= George William Wood =

English politician (1781–1843)

George William Wood (21 July 1781 – 3 October 1843) was an English businessman, Member of Parliament and leading member of civil society in Manchester.

==Life==
George William Wood was born in Leeds, the son of William Wood, a Unitarian minister who was Joseph Priestley's successor at the Mill Hill Chapel, amateur botanist and campaigner against the Test Acts. His mother was Louisa Ann née Oates, the daughter of a wealthy Leeds family.

Wood moved to Manchester around 1801 and
was elected to membership of the Manchester Literary and Philosophical Society on 24 April 1807. He became a prominent businessman there. But, as a memorial in the Upper Brook Street Chapel cited, "having early in life engaged in commercial pursuits ... he quitted [sic] the pursuits of wealth for the nobler objects of public usefulness." He was member of parliament for Lancashire South from 1832 to 1835, and for Kendal from 1837 until his death.

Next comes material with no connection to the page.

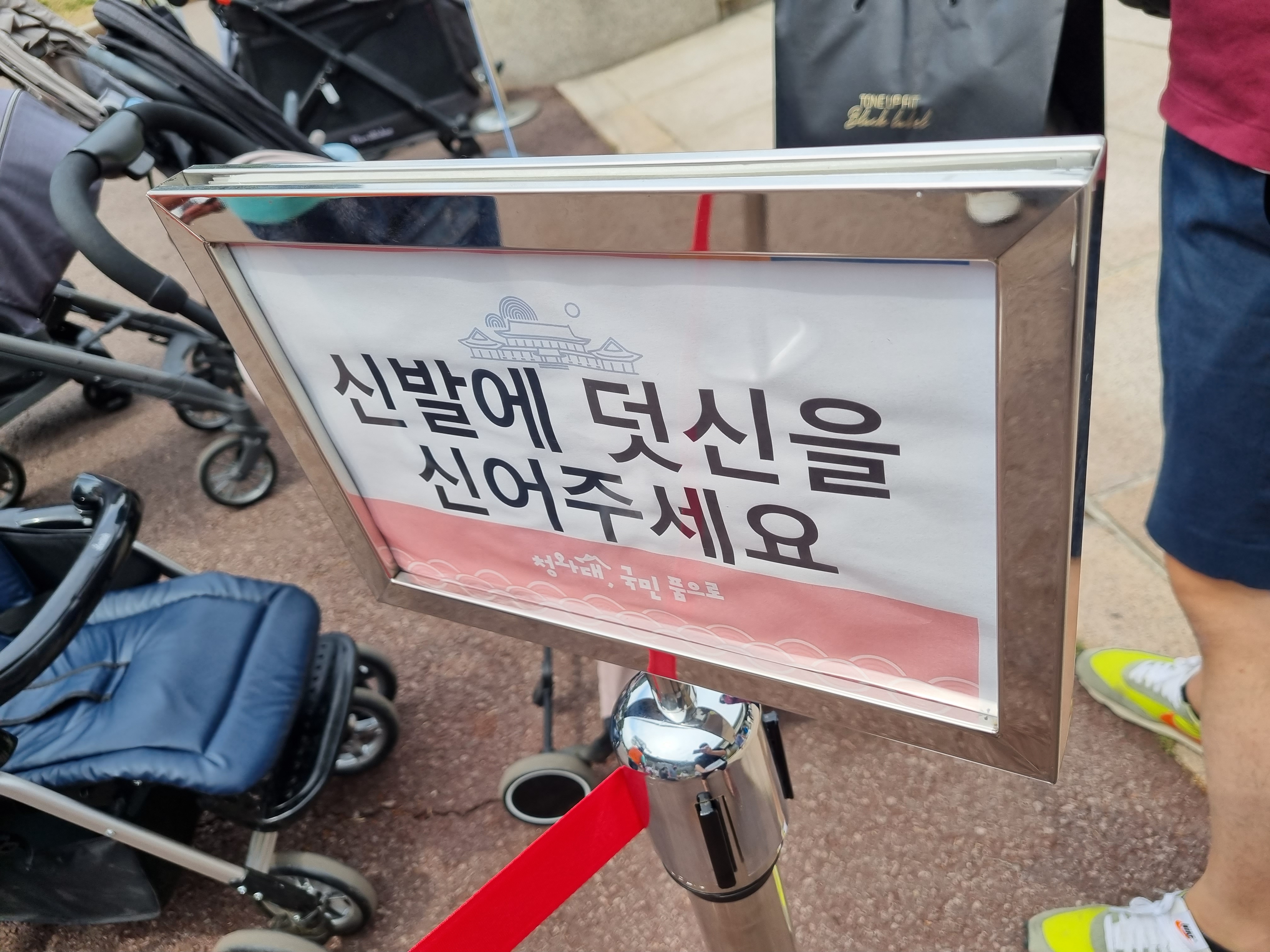 영빈관도 그랬지만 청와대 본관 입장 역시 어마어마한 대기줄에 놀랐다. 안내원이 정원부터 돌고 오시면 입장이 편하다고 하여 우리는 그 의견에 따라 바깥쪽부터 돌았다. 실제로 1시간 정도 정원을 둘러보고 본관 대기줄에 섰는데 대기표 상으로는 여기에서 대기하면 40분 정도 걸린다고 되어 있었으나 생각보다 줄이 금방 줄어 대략 10분 만에 본관에 입장할 수 있었다. 여하튼 안내원 말에 따르는 게 좋다는 얘기다.

He was a prime mover in the establishment of both the Royal Manchester Institution and the Manchester Mechanics' Institute, and was one of the two inaugural vice-presidents of the Manchester Athenaeum.

He died suddenly of a stroke at a meeting of the Manchester Literary and Philosophical Society and was buried at the Upper Brook Street Chapel.

==Honours and offices==
- Fellow of the Linnaean Society;
- Fellow of the Geological Society;
- Vice-president of the Manchester Literary and Philosophical Society.

==Bibliography==
- Kargon, R. H. (1977). "Science in Victorian Manchester: Enterprise and Expertise"
- Wykes, D. L. (2004) "Wood, William (1745–1808)", Oxford Dictionary of National Biography, Oxford University Press. Retrieved 16 August 2007 (subscription required)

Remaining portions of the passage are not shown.